Monday, November 16, 2015

The Last Thirty Days



13 NOV 2015: In the last thirty days, these terrorist acts were perpetrated by Islamic militants, fundamentalists, and radical adherents.



The difficult question for the western mind, is this Islam expressing itself?  Or is it individuals who chose criminal behavior for personal advantage?  Should our outrage be expressed against all Muslims or solely against the violent?

There are perhaps 1,600,000,000 Muslims in the world today.  About 85% are Sunni, and the remainder are Shia.  There's tension between the sects, similar to Protestants vs. Catholics in Northern Ireland in the last century, and violence has similarly followed.  

For the great majority, though, would every Muslim stone his daughter if she refused a marriage proposal?  Of course not.  Would every Muslim carry a suicide bomb into a rival temple?   No.

How many among the world's Muslims would actually do violence like that described in the list?

According Brigitte Gabriel, a favorite of conservative media, "The radicals are estimated to be between 15 to 25 percent, according to all intelligence services around the world."  That was her answer, in part, when asked by an American University headscarf wearing law student about waging an ideological war with Muslims. "You're looking at 180 million to 300 million people dedicated to the destruction of Western civilization...."  That's a particularly vicious misstatement and perhaps deliberate since the correct information is easily acquired from publically available sources.

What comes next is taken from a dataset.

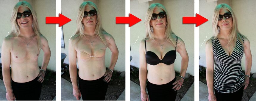 Перед началом преображения убедитесь, что на грудной клетке нет волос. В противном случае позднее процесс выхода из образа принесет несколько весьма неприятных минут, когда Вы будете отклеивать силиконовые накладки от тела.

Western European intelligence agencies estimate that less than one percent of the Muslim population living within their borders are at risk for becoming radicals.  For now, they are not radicalized, and more importantly, they are not violent and have no intent of becoming so.  The estimate is based on affiliations with fundamentalist congregations or groups advocating a Sharia legal system, etc.

Terrorism today involving Islamic players is primarily Sunni vs Shia Muslims. In order of incident prevalence, we find Iraq, Afghanistan, Pakistan, and Syria as the target locales; more than a thousand incidents each year. There continue to be a smaller number of acts by radical Islamists targeting Hindu, Jew, and Christian victims. In Europe, however, 98% of terrorist incidents were by non-Muslim groups during the most recent 5 years. To keep things in context, homicide takes 40 times more lives than terrorism. Islam isn't the end of the world, it's not even on the list of problems we face.  Terrorism is, however.  

While it's easy to make simplistic statements about Islam and Muslims, we might note that the conflicts we observe make the headlines rather than the more prevalent peace that is typical of the great majority.

The conflict we do see among Muslims is much like that which exploded between Catholics and Protestant Christians in Northern Ireland. The issue was not religion but discrimination and power. Elsewhere in the world, peaceful coexistence was the norm.

Today's clash between Sunni and Shia can be traced to similar discrimination and oppression, again more political than religious. The spillover attacks against western powers are similarly traceable. Religion provides a unifying name for the angry disenfranchised, but it isn't the cause any more than Christianity caused the Crusades or the slave trade or the slaughter of native Americans. In each case, the objective was power and dominion.

Modern terrorism does in fact have roots from which violent behavior emerges.  Such behavior is chosen for advantage, and labels are added to justify the choice.  The root is and perhaps has always been injustice, inequality, oppression, and a lack of representation.


Between 2004-2013, the UK suffered 400 terrorist attacks, mostly in Northern Ireland, and most of them were non-lethal. The US suffered 131 attacks, fewer than 20 of which were lethal.  France suffered 47 attacks. But in Iraq, there were 12,000 attacks and 8,000 of them were lethal.

From the Global Terrorism Index 2014 Report:

  • 17,958 people were killed in terrorist attacks last year, that’s 61% more than the previous year.
  • 82% of all deaths from terrorist attack occur in just 5 countries: Iraq, Afghanistan, Pakistan, Nigeria and Syria.
  • Last year terrorism was dominated by four groups: the Taliban, Boko Haram, ISIL, and al Qa’ida.
  • More than 90% of all terrorist attacks occur in countries that have gross human rights violations.

The report said the three main factors found globally to correlate with terrorism were:

  • High social hostilities between different ethnic, religious and linguistic groups
  • The presence of state-sponsored violence such as extrajudicial killings and human rights abuses
  • High levels of overall violence, such as deaths from organised conflict or high levels of violent crime

Seeing Islamic terrorism in the larger context doesn't make it inconsequential, but perhaps we might see a little more clearly.  Objectivity is needed for the years ahead.